Poll results: Is a UK boiler ban realistic and desirable?

In our latest poll we asked for your reaction to the proposed 2025 ban on conventional domestic heating boilers. Is it feasible, practical and desirable? Or is it unnecessary? 

For many, the realities of the battle against climate change remain an abstract, arms-length issue.

It makes little practical difference to the average consumer whether the electricity used to keep the lights on is generated by offshore renewables or coal fired power plant.

Engineering the hydrogen home

But recent tabloid talk of a “boiler ban” has bought the implications of the UK’s net zero push firmly into the nation’s living rooms, and perhaps also caused heating engineers and plumbers a few sleepless nights.
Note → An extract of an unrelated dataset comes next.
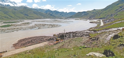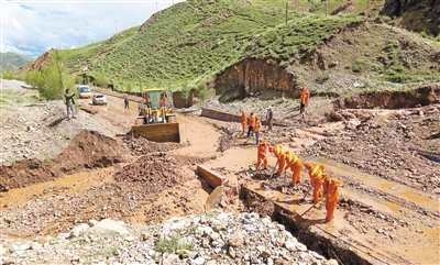 囊谦公路段工作人员正在抢修冲毁路段。洪玉杰 摄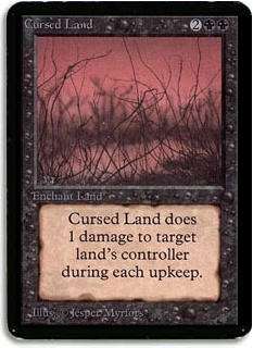 Cursed Land does 1 damage to target land's controller during each upkeep.

The outcry was prompted by the International Energy Agency and CBI's recent warnings that conventional gas boilers should be banned from sale by 2025.  The UK government, which is making green issues a priority as it gears up to host the COP26 climate summit later this year, is widely expected to back the proposal in its soon to be unveiled heat and buildings strategy.

It is of course possible that Boris Johnson’s famed populist tendencies could prompt a watering down of these ambitions but there’s no escaping the fact that decarbonisation of heating - which accounts for as much as 17 per cent of the UK carbon emissions - will be key to delivering on the UK’s accelerated net zero ambitions.